The target of The Red Roar is the Labour Party, or perhaps one should stress the party as it is right now: anything and everything that can be spun against the current leadership is thrown into the mix. Kicking anything Momentum is de rigueur. Any whiff of alleged anti-Semitism that can be dredged up will be dredged up. In other words, The Red Roar serves up the view of Labour that the right-leaning Press Establishment wants to see.
It has been put to me that The Red Roar is the product of those “disaffected Blairites” of recent legend, but I’m not so sure. The language is that used by the Tories and their press pals: the defeat of the Haringey Development Vehicle is referred to in terms that would be used by the Murdoch press, with anything deemed undesirable termed “Hard Left”, the term imported from Fox News Channel (fair and balanced my arse).
All the targets beloved of the perpetually thirsty Paul Staines and his rabble at the Guido Fawkes blog are present and correct: there are attacks on Haringey Councillors, Emily Thornberry, Emma Dent Coad (the old “sharing a platform” smear once more), Chris Williamson, Unite the union, Jon Lansman, John McDonnell, The Canary, The Skwawkbox, Len McCluskey, and of course Owen Jones.

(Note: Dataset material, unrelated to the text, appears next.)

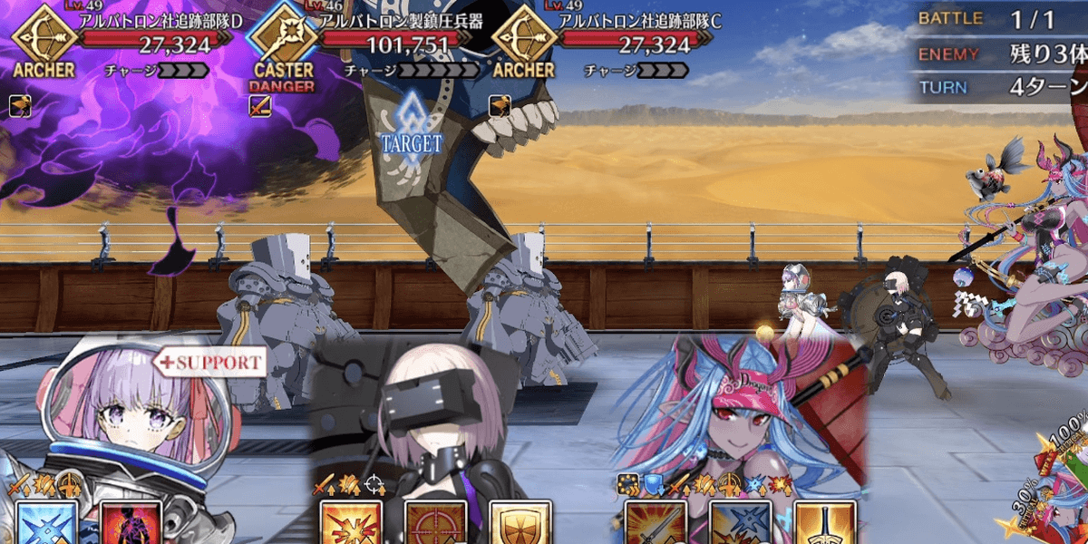 | 簡易攻略情報 | ・8ターンの耐久でクリア ・最速で進めるなら全体宝具3連射 |

A further parallel with The Great Guido is the occasional morsel of information about goings-on around Parliament. And then we come to an amateurish attempt to curry favour with the Murdoch press, “Canny Brooks outfoxes Guardian hacks at West End showing”.

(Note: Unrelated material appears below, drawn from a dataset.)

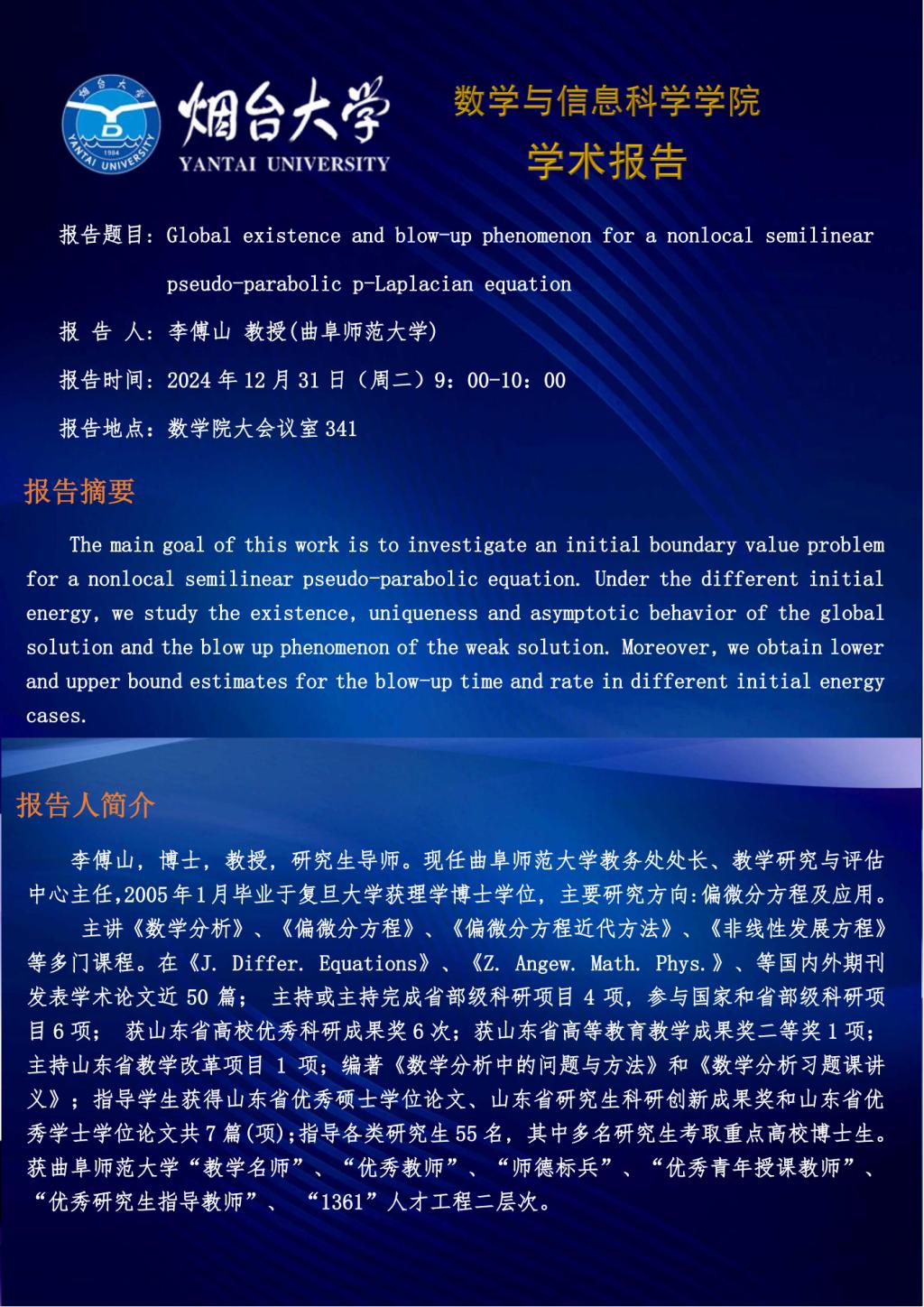 学术报告--李傅山 教授(曲阜师范大学)—20241231

This post tells “Politicos and hacks alike have been queuing up to see Ink, the play that chronicles the establishment of the Sun and the impact it had on the industry and the country … They include Rebekah Brooks, the former ‘Current [sic] Bun’ editor who now runs its parent company News UK. She attended the play at the Duke of York theatre, where she went unrecognised because her distinctive flame-red hair was pinned up”.
How The Red Roar came by this nugget is not told. But readers do get “She will have been delighted by the play’s relatively sympathetic portrayal of her boss and mentor Rupert Murdoch … But the same cannot be said of the group of senior Guardian contributors who saw the play the same night. They were even more aghast when they discovered Brooks had been present in the audience but they had failed to spot her”.
Tee hee hee! Rebekah wonderful, invented Guardian people total and utter poo holes! But seriously, what is this, other than a desperate attempt to suck up to the Murdoch mafiosi? The Red Roar may not have any connection with The Great Guido or any other Tory misinformation purveyor, but it treads the same boards. The occasional swipe at Tories to maintain cover isn’t making it. It doesn’t work for the Fawkes rabble, either.
So who is behind The Red Roar? We’ll find out - sooner or later.